William Moore interpretiert den Impresario der legendären Tanzcompagnie, der es mit seiner feinen Nase (und überragendem Kunstverstand) geschafft hat, den Ballets Russes zu Weltruhm zu verhelfen. Goecke versteht es, diese manipulative Figur mit wenigen Bewegungen – ein Tänzeln und Herumscharwenzeln – und Accessoires in ihrer ganzen Ambivalenz darzustellen: Pelzkragen, Gehstock und Hut – und fertig ist der Aristokrat, der den Takt angibt. Gleichwohl ist es gerecht, dass auch er von der Muse Terpsichore (Katja Wünsche) geküsst wird – und nicht nur Nijinsky, der Gott des Tanzes. Überhaupt lässt Goecke allen Figuren mit ihren Kämpfen und Krämpfen Gerechtigkeit widerfahren. Auch den Frauen. Irmina Kopaczynska, Polin auch sie, verkörpert die polnische Mutter, Mélanie Borel die furiose Romola und Elena Vostrotina – kalt und schlagkräftig – die geistige Umnachtung, den Tod.

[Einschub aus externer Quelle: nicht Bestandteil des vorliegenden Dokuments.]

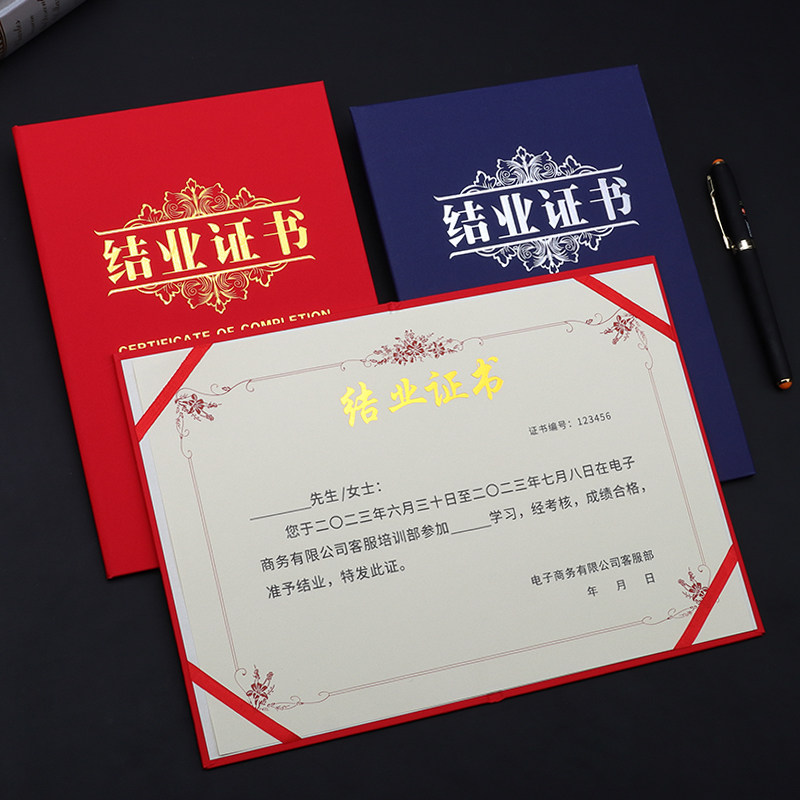 结业证书封皮定做外壳上岗培训证书进修岗位职业技能等级封面定制结题证烫金聘书荣誉证书蓝色a4内页打印

Gut, durften vor dem tristen, aber würdigen Ende noch vier rasante Frauen in Rot so richtig schön Raum einnehmen, rennen, mit den Armen rudern, gestikulieren à la Goecke und so nicht nur Le Spectre de la Rose pervertieren, sondern auch an aktuellen Gender-Diskursen kratzen oder Queer-Perspektiven eröffnen – Marco Goecke sei Dank!